▶ [Excerpted data]
——————————

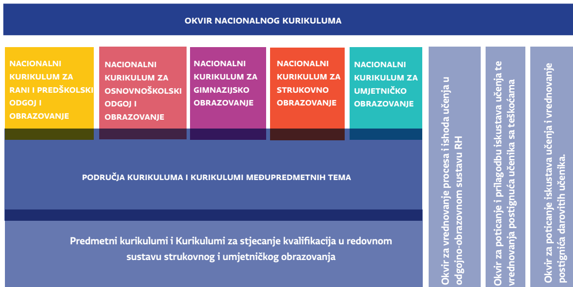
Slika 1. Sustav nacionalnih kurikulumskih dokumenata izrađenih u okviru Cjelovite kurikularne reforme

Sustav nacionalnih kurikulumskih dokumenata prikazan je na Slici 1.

——————————

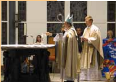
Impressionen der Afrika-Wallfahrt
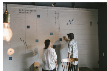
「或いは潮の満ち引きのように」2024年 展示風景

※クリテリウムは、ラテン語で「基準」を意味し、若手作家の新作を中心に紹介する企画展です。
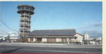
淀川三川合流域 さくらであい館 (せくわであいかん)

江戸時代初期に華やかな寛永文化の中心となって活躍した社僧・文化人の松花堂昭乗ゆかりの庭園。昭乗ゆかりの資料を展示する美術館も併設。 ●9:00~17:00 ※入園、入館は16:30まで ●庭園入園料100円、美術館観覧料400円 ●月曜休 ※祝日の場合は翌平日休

——————————

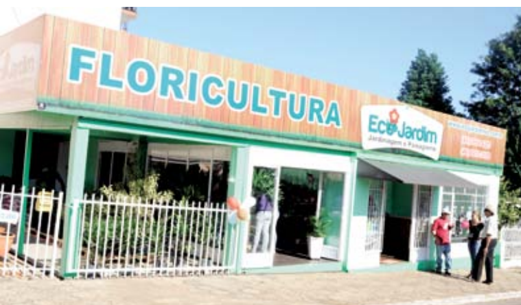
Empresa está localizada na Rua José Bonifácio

——————————

▶ [Task instructions]
Would you quote everything above from the line containing "Slika 1. Sustav" down to the line containing "Sustav nacionalnih kurikulumskih dokumenata prikazan"? Include both of those lines and nothing else.

▶ [Written answer]
Slika 1. Sustav nacionalnih kurikulumskih dokumenata izrađenih u okviru Cjelovite kurikularne reforme

Sustav nacionalnih kurikulumskih dokumenata prikazan je na Slici 1.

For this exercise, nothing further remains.